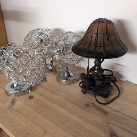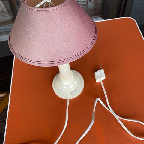 Vintage alabast bordlampe. Gir et fint lys, vanlig lyspære. Høyde 50 cm. Øvre og nedre diameter ca 23 cm.
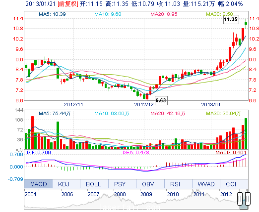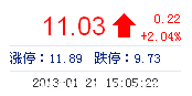 | 今 開: | 11.15 | 成交量: | 115.21萬(wan) 手 | 振 幅: | 5.18% |
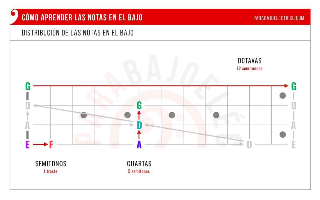De este modo, ten en cuenta 2 cosas que te ayudarán a simplificar el diapasón del Bajo.
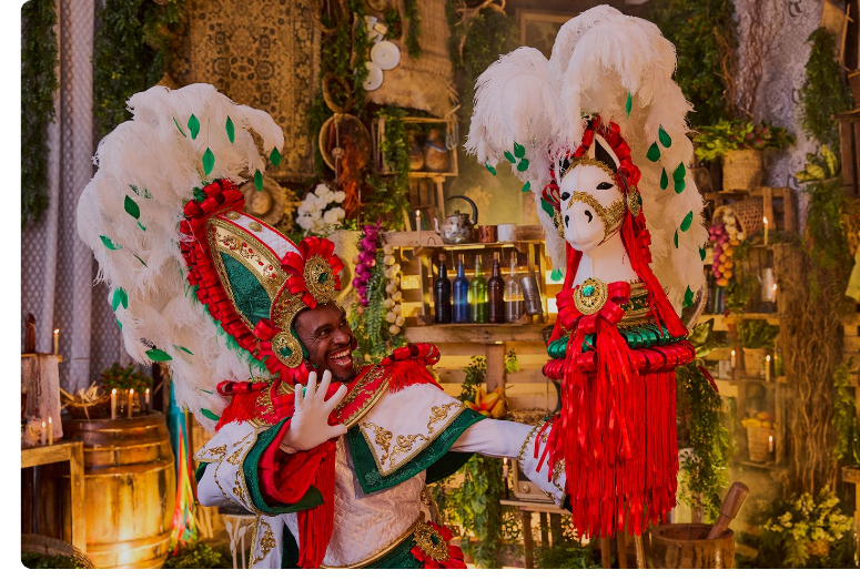 Os tambores evocam o Xamã Babalaô em uma homenagem à musicalidade amazônica e às tradições do Sairé, manifestação que mescla influências indígenas e católicas, hoje preservada na comunidade do Carvão.
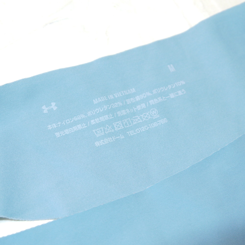 【BCランク/K43ー】アンダーアーマー:Mサイズ ★ 水色×シンプル 薄手ツルピタ OL・ジム・ヨガ スポーツT
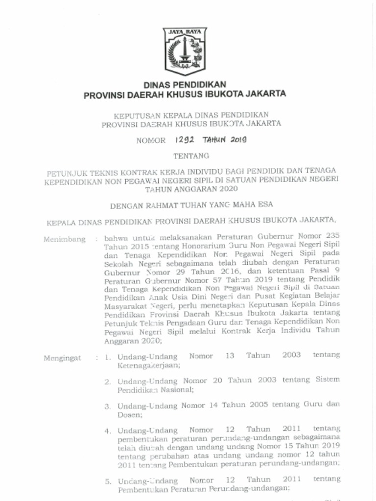 Sma negeri 16 jakarta whatsapp image 2018 12 21 at 15 56 18. Kepdis kki th 2020 1 pdf. Program kerja individu kukerta unja 2019/2020. Portal data terpadu pemprov dki jakarta jl. Didalam kontrak ini termaktub dan termuat semua pokok aturan, larangan, dan cara penyelesaian perselisihan jika terjadi selisih pendapat atau kekeliruan data dalam perhitungan teknis kerja. Bertindak sebagai pemilik rumah dan selanjutnya akan di sebut sebagai pihak pertama. Pendapatan dki sangat bergantung pada perolehan sektor pajak daerah yang menguasai proyeksi pad dki 2020 sebesar 87,1 persen. Recruitment kontrak kerja individu kki tenaga pendidik dan. Pada 2020, mereka bersama 11 orang lainnya diangkat menjadi pegawai kontrak kerja individu (kki) dengan penghasilan sesuai ump dki jakarta. Pada hari senin 6 desember 2020, saya yang bertanda tangan di bawah ini: Keputusan kepala sdn duri kepa 07 jakarta no.042 tahun 2019 tentang panitia penerimaan pendidik dan tenaga kependidikan dengan kontrak kerja individu sekolah tahun anggaran 2020. Back to beranda » » recruitment kontrak kerja individu (kki) tenaga pendidik 3. Tirto telah menghubungi dinas pendidikan dki pada kamis 12 november 2020, mereka mengaku telah mempelajari kondisi yang ada di pkbm negeri 24.
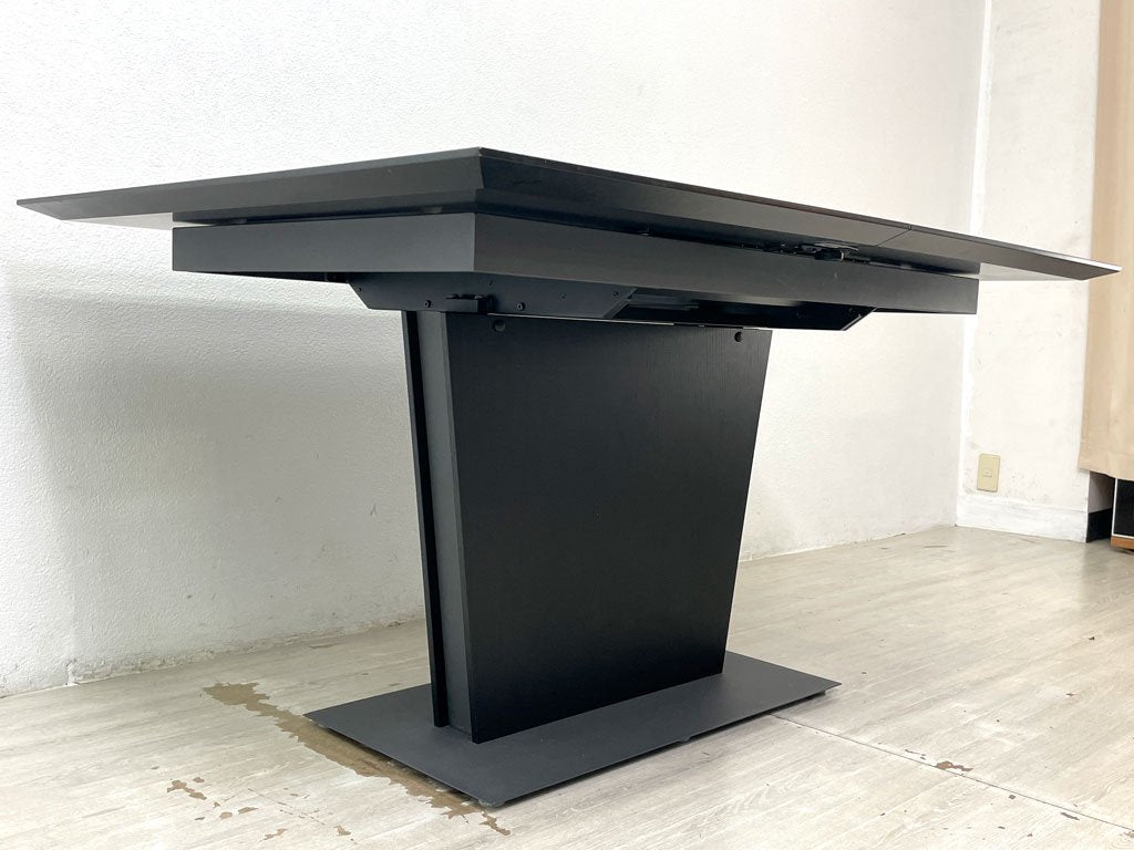 異素材をミックスし、素材の表情の違いを引き立てたアーバンモダンデザイン。使用人数に応じて天板のサイズを変更出来る伸長式テーブルとなり、メイン天板を左右に開く事で、天板下に格納された追加天板を引き出す事が出来、食卓や会議用テーブルとして広々ご使用頂く事が可能です。
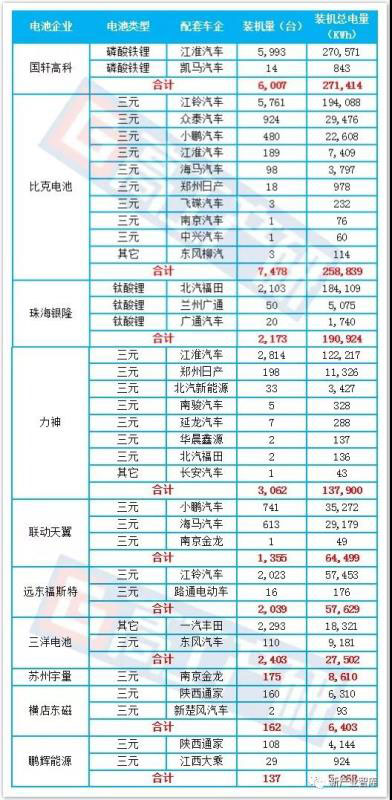 備注:電池類型中的其它表示為未標明具體類型的鋰離子電池
====================
→ **WHAT IS BEING ASKED**
Copy word for word each line of the data above, from the first through the one containing "薄手ツルピタ OL・ジム・ヨガ スポーツT", and include no pictures.

→ **SOLUTION TO THIS TASK**
 Vintage alabast bordlampe. Gir et fint lys, vanlig lyspære. Høyde 50 cm. Øvre og nedre diameter ca 23 cm.
 | 今 開: | 11.15 | 成交量: | 115.21萬(wan) 手 | 振 幅: | 5.18% |
De este modo, ten en cuenta 2 cosas que te ayudarán a simplificar el diapasón del Bajo.
 Os tambores evocam o Xamã Babalaô em uma homenagem à musicalidade amazônica e às tradições do Sairé, manifestação que mescla influências indígenas e católicas, hoje preservada na comunidade do Carvão.
 【BCランク/K43ー】アンダーアーマー:Mサイズ ★ 水色×シンプル 薄手ツルピタ OL・ジム・ヨガ スポーツT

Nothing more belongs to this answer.